I've had my cat for about a month now, and it decided to snack on quite a few fry as my molly was giving birth. I wasn't home, and was unaware that she was ready to give birth, but she was fairly large and I only saved about 10 fry.
That was a few days ago, and now she's eating every bit of food that she can get at that's dropped in the aquarium. (Just flake food; I have nothing else at the moment.)
Her stomach is slightly smaller than a nickel in diameter at the moment. 
I honestly would've stopped it sooner, but I was away from home. 
(They obviously overfed while I was away.)
Anyhow, I removed her from the main tank and gave her her own space for now.
Is there anything I can do for her, other than fast her for a few days?
I'm a bit afraid that she has a large case of indigestion after that fry meal.
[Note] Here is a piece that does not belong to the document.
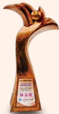
▲ 運用團隊資源管理於降低給藥異常事件數之成效探討

I'll try getting pictures if possible, though I might not be able to get them until tomorrow.
Edit:: She's about 2-3 inches long, if that helps you get an idea of what I'm dealing with.


----------



## Blue Cray (Oct 19, 2007)

If a fish is hungry, it's going to eat. Leave the poor thing alone and keep up with regular feedings.


----------



## Revolution1221 (Apr 20, 2010)

pictus eat a lot at work they gobble up all the food before everything else and get huge stomachs.


----------



## FishMatt (May 12, 2010)

Yes they will eat stuff very fast. They love shrimp pellets, mine will eat 5-6 pellets at a time.


----------



## Platysaurus (Oct 7, 2010)

Okay, cool....
Thanks guys. I was kinda afraid she was going to eat herself to death~
She's never eaten like this before, otherwise I'd have no problem with it.


----------



## Bettawhisperer (Oct 1, 2010)

Mine eat all the trap door snails I had in the tank. LOL. I also made the mistake of putting some guppies in during the day time. He must have thought it was feeding time because the next day all the guppies were gone. The next time I put guppies in at night with the lights out so he wouldn't think he was being fed and they all lived. he never touched them. lesson learned.LOL


----------



## FishMatt (May 12, 2010)

Lol. Sounds like something that a Pictus would do. They eat whatever they can fit in thier mouth.


----------